Automated Gastrointestinal Tract Classification Via Deep Learning and The Ensemble Method
Omair Rashed Abdulwareth Alman,Mohd Azraai Mohd Razman,Ismail Mohd Khairuddin,Muhammad Amirul Abdullah,Anwar P.P. Abdul Majeed 제어로봇시스템학회 2021 제어로봇시스템학회 국제학술대회 논문집 Vol.2021 No.10
Colorectal cancer is a leading cause of death among the cancer family with a record of almost a million moralities in 2020 alone. While the treatment of colorectal cancer is very difficult, early diagnosis can help immensely with treatment, eliminating the risks, and recovery. In most cases early diagnosis is possible by catching any of the precursors of the disease, many of which appear on the Gastrointestinal tract. The use of machine learning to automate the process of gastrointestinal tract examination could accelerate the process of diagnosis, and increase its efficiency. This study suggests the use of the stacking ensemble method with multiple pre-trained CNN models for an accurate classification of GI tract using the publicly available dataset Kvasir.

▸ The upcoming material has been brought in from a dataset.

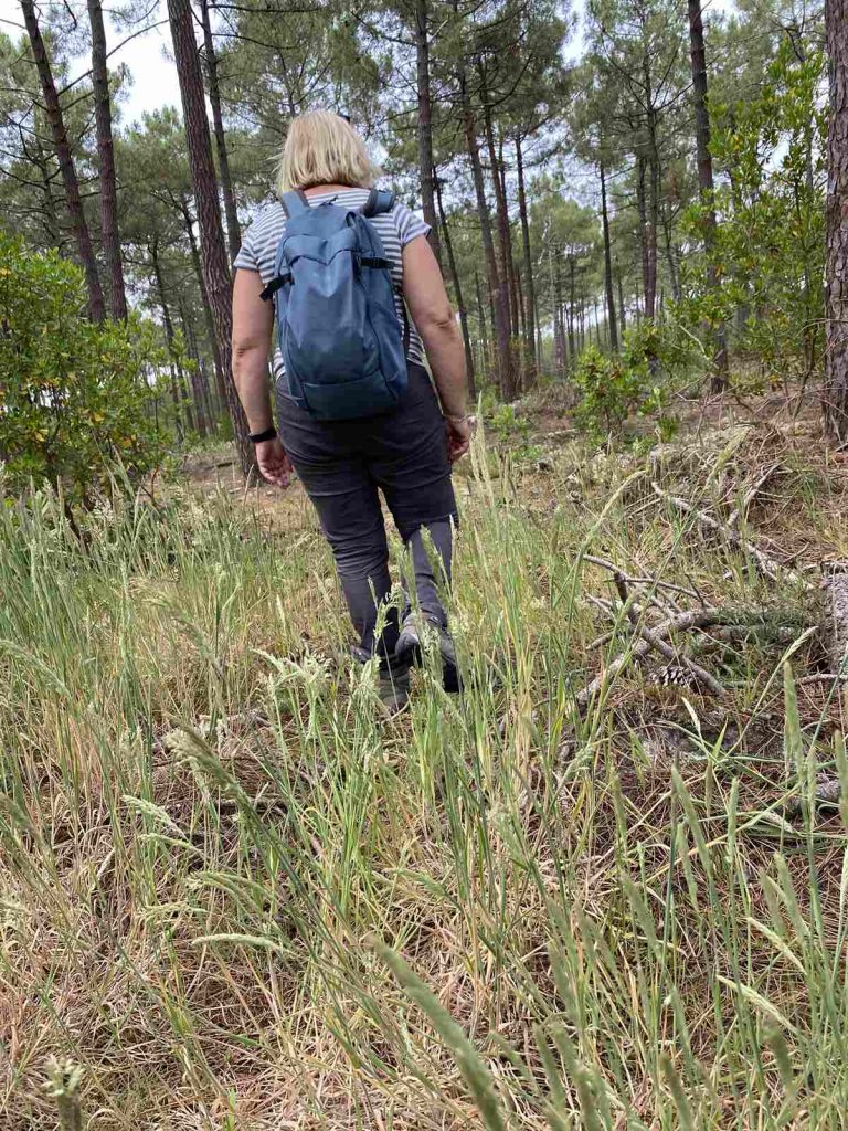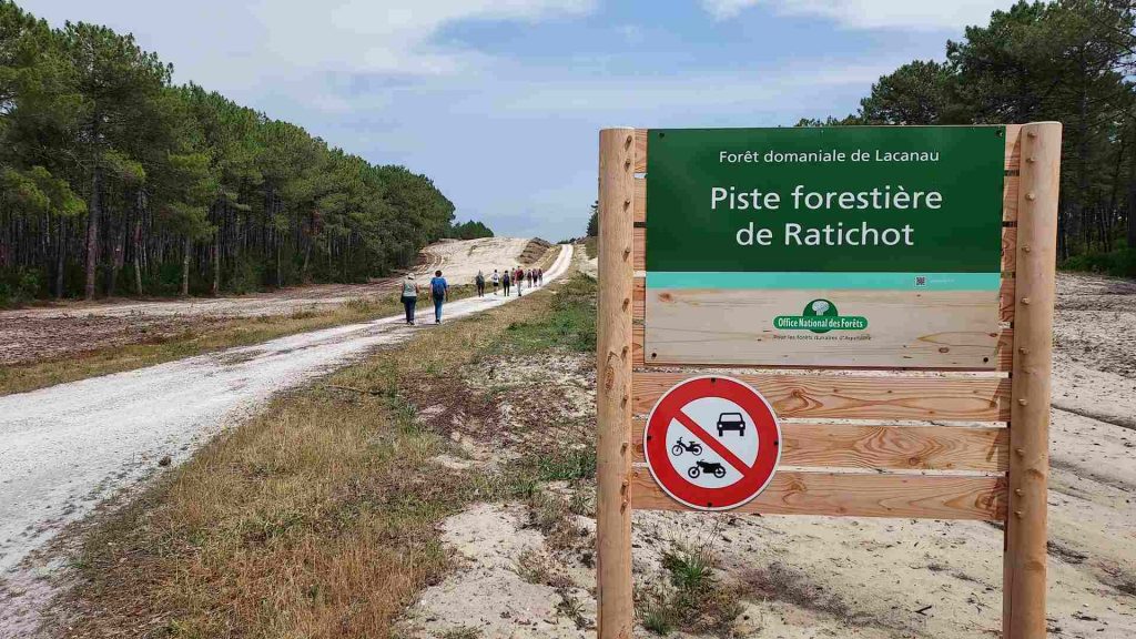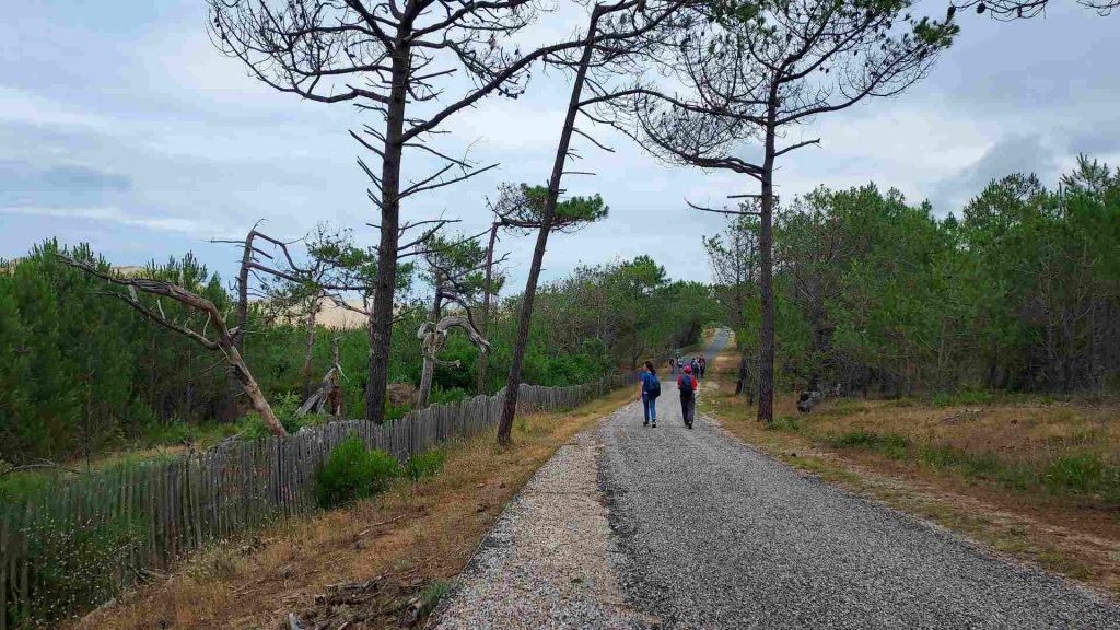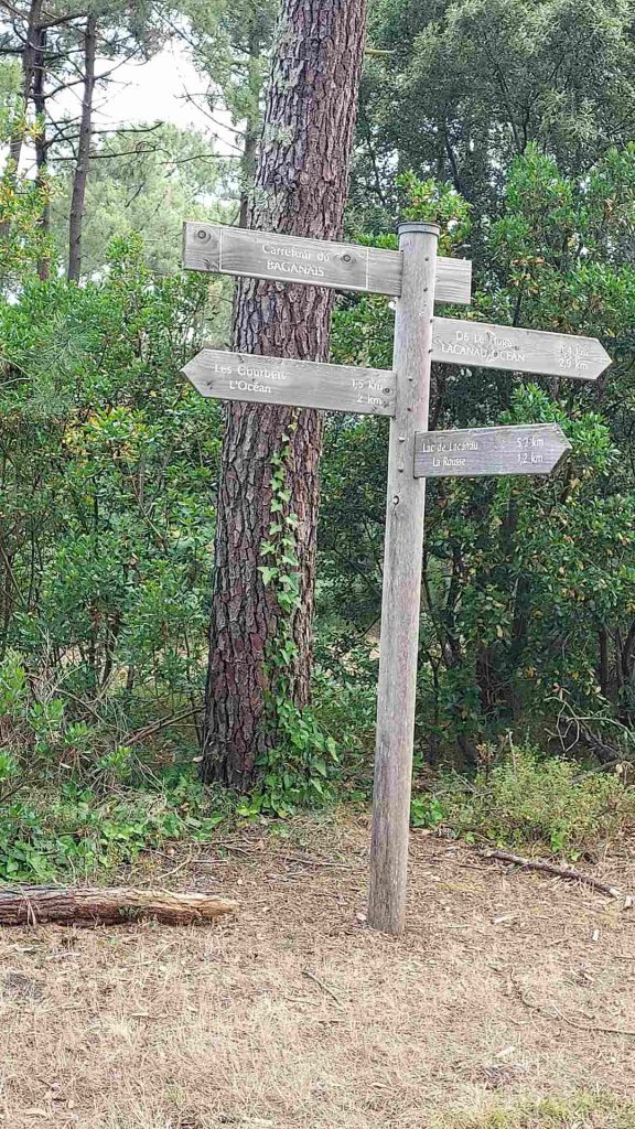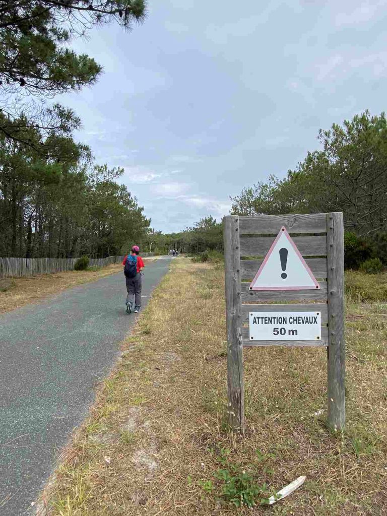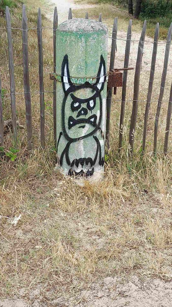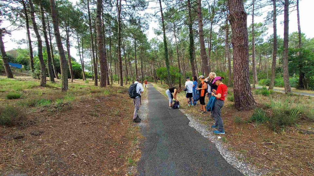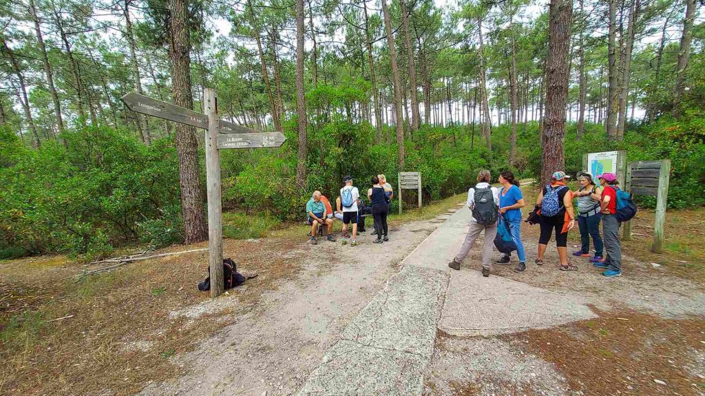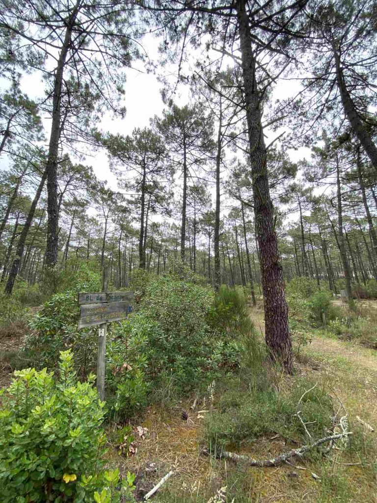 … Nous avons commencé la matinée en douceur sur une piste forestière au cœur de la majestueuse forêt des landes de Gironde. Le chemin, bordé de pins et tapissé d’aiguilles, offrait une ombre bienfaisante et une ambiance sereine. En sortie de forêt, nous avons retrouvé une piste goudronnée, lisse et bien entretenue. Un vrai plaisir pour la marche. Dans ce dédale, une portion plus inattendue nous attendait ensuite : une piste en dalles de béton, vestige des infrastructures du mur de l’atlantique. Bien droite, austère mais robuste, elle témoigne d’une autre époque. Un rappel que l’Histoire est parfois inscrite jusque dans le sol…

The pre-trained models used in this study were ResNet50, MobileNetV2, and Xception, all of which were ensembled and trained on a subset of the data and tested on another to eliminate bias, and evaluates the model’s capacity for generalization. Overall, the model demonstrated impressive performance at 99.2% accuracy, 0.9977 AUC, and 99.29% F1-score, especially compared to the individual constituent models and other models discussed in the review section of the study.